# Shellsort – Bounds, Gems and Open Questions

In the recent months I’ve spent a rather large amount of my spare time with the What, Why and Huh? of Shellsort. Part of the problem was, that I didn’t have much spare time. The other part was that Shellsort is a rather tricky thing to analyse when you look at it.

In the beginning, I was interested in the more standard sorting algorithms like Quicksort and Heapsort. But than I got hooked by the analysis of Shellsort that can be found in Knuth’s book. There are some quite intriguing ideas in it, and there’s still research going on about it – this came as a surprise to me: I had thought that sorting algorithms had been so very thoroughly researched, there wouldn’t be anything interesting left to be found out. But apparently, there’s till some work to do about the optimal parametrization of Shellsort.

Now, let’s start at the beginning. Shellsort is a generalization of Insertion Sort, which is called “bridge player’s sort” in Knuth’s book (Chapter 5.1 in Volume 3). The problem that these algorithms solve is: take the real numbers $a_1,\ldots,a_n$ and sort them. Abstractly, this means: find a permutation $\pi$ on the set $\{1,\ldots,n\}$ such that $a_{\pi(1)} < \ldots < a_{\pi(n)}$. Insertion sort does this inductively: if $a_1,\ldots, a_k$ have already been sorted, take $a_{k+1}$ and put it in its correct place among $a_1,\ldots, a_k$ by looking at $a_k$, then at $a_{k-1}$ and so on, until you found it.

Insertion sort is a very straight-forward method, it’s pretty much what most people do when playing cards (hence Knuth’s nickname for this sorting algorithm). On the other hand, it’s not very efficient. On the average case, you’ll have about $O(n^2)$ swapping-operations, which is a lot. On usual sets, the run-time is too long to be acceptable.

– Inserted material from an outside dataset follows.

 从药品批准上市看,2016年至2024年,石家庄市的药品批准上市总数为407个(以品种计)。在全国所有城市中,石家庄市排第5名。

Shellsort improves on those many swaps. Obivously, when a number is “far away” from where it’s supposed to end, you have to check is against many numbers in between. Well, then – just don’t. Let the elements make larger leaps instead of small steps. This means, we will make several successive passes of Insertion Sort, but considering only a subset of elements each time. For instance, we’ll start with the set $a_1, a_{1+h}, a_{1+2h},\ldots,a_{1+rh}$, then we’ll look at the set $a_2, a_{2+h}, a_{2+2h},\ldots,a_{2+rh}$, and so on, until $a_{h-1}, a_{2h-1}, a_{3h-1},\ldots,a_{(r-1)h-1}$. Of course, that will not, in general, sort the set and solve our problem, we have only sorted each subset that consists of the original numbers with skips of $h$ numbers in between (we’ll call this “$h$-sorted“). So, we make another pass, now with another skipping number $k$. We continue until our original set is sorted. We can guarantee this by making a final pass with skip 1 (which amounts to a usual Insertion Sort).

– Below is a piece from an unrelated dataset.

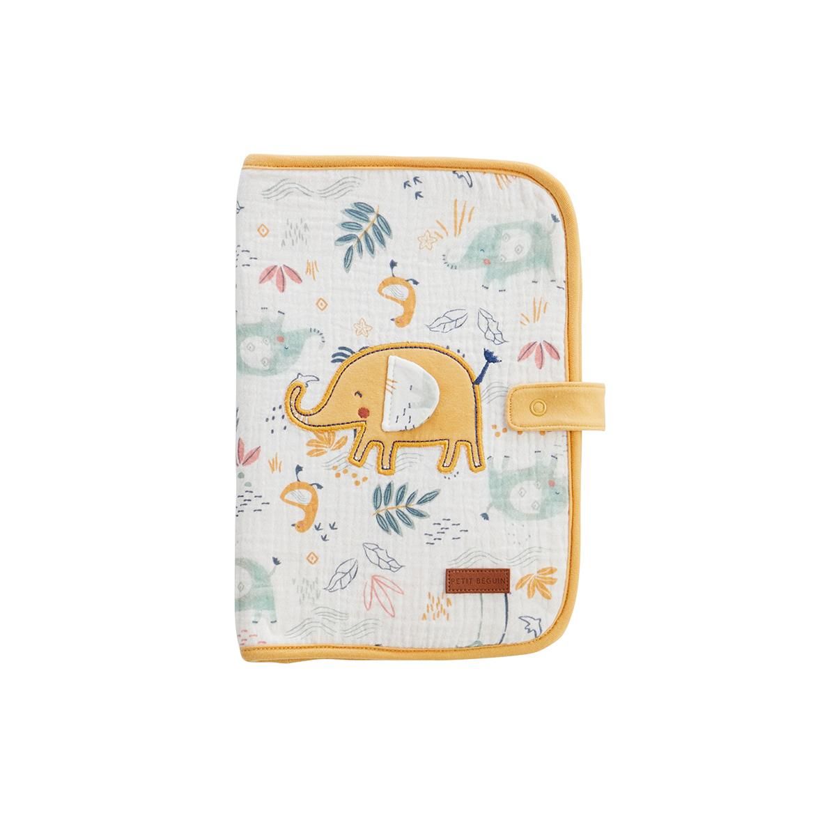 Avec son joli dessin d'éléphant, ce protège-carnet est parfait pour garder les premiers documents de bébé à l'abri avec douceur et style. Léger et pratique, il se glisse facilement dans le sac.Produit labellisé STANDARD 100 by OEKO-TEX ® (BJ020 189402 TESTEX)Dimensions : 24,5 x 17 cmEn gaze de coton

The last sentence will make it seem that Shellsort is no use at all – in the end, you’ll always need to apply Insertion Sort to achieve the goal, and we’ve already seen that this is not efficient for practical purposes. But then again, the final pass of Insertion Sort won’t have a lot of work to do: those numbers that are “far away” and “very much out of order” will already have been put in a place very close to where they belong. The biggest issue about Insertion Sort has thus been resolved.

Let’s have a short example and let’s be real Knuth-ish here: We consider 16 random numbers that I have picked using R yesterday morning. First, we’ll do a 7-sorting pass on them, where I have indicated those numbers that are compared to one another by similar colors: 155, 352 and 320 are compared and sorted; then 299, 893 and 974 are compared and so on. After that, we have a 5-sorting pass, and then a 3-sorting pass. Finally, there’s Insertion Sort in the end and we arrive at a perfectly sorted set of 16 numbers.

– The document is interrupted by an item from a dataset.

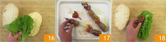 Ajoutez une feuille de laitue dessus 16. Retirez les verzini et les légumes des brochettes 17, puis garnissez les sandwiches avec la viande 18 et les légumes.

 original set 155 299 923 41 152 484 145 352 893 472 291 44 664 354 320 974 7-sorting 155 299 923 41 152 484 145 352 893 472 291 44 664 354 320 974 155 299 472 41 44 484 145 320 893 923 291 152 664 354 352 974 5-sorting 155 299 472 41 44 484 145 320 893 923 291 152 664 354 352 974 155 145 320 41 44 291 152 472 354 352 484 299 664 893 923 974 3-sorting 155 145 320 41 44 291 152 472 354 352 484 299 664 893 923 974 41 44 291 152 145 299 155 472 320 352 484 354 664 893 923 974 1-sorting 41 44 291 152 145 299 155 472 320 352 484 354 664 893 923 974 41 44 145 152 155 291 299 320 352 354 472 484 664 893 923 974 sorted set 41 44 145 152 155 291 299 320 352 354 472 484 664 893 923 974

Now, let’s have look at the analysis of the algorithm. The nice thing is a Theorem to which Knuth has given the speaking name, well, “K”. If we have made some “$h$-pass” to a file, followed by a “$k$-pass”, the file will be both $h$-sorted and $k$-sorted. In particular, the subsequent passes will not render the work useless which we have made in previous passes. We can improve on our set with every next pass. A final pass of “$1$-sorting” (i. e. Insertion Sort) concludes our algorithm. The proof of this is not really difficult, but it’s hard to write down, because there’s some muddling with indices.

Then, the question must arise, what are the most efficient choices for the sorting-passes? And this is where research comes in: nobody can tell, what is the best sequence. The algorithm was conceived by Donald Shell (which is why it bears his name, the sorting has nothing to do with beaches or gas stations), and his choice was the sequence $2^k$, $k\geq0$. This choice has been challenged quickly because there will not be any interchange of numbers on odd and even places. The nice thing about it is a divisibility condition: One skipping number is a multiple of the next one, which makes the analysis feasible (although still not easy) – Knuth devotes several pages to sequences like this one. If chosen correctly, one can achieve an average-case running time of $O(n^{3/2+\varepsilon})$, which is much better than $O(n^2)$ of Straight Insertion. Anything better than $O(n^{\frac 32})$ cannot be hoped for, because there will be still too many comparisons in the final 1-sorting pass.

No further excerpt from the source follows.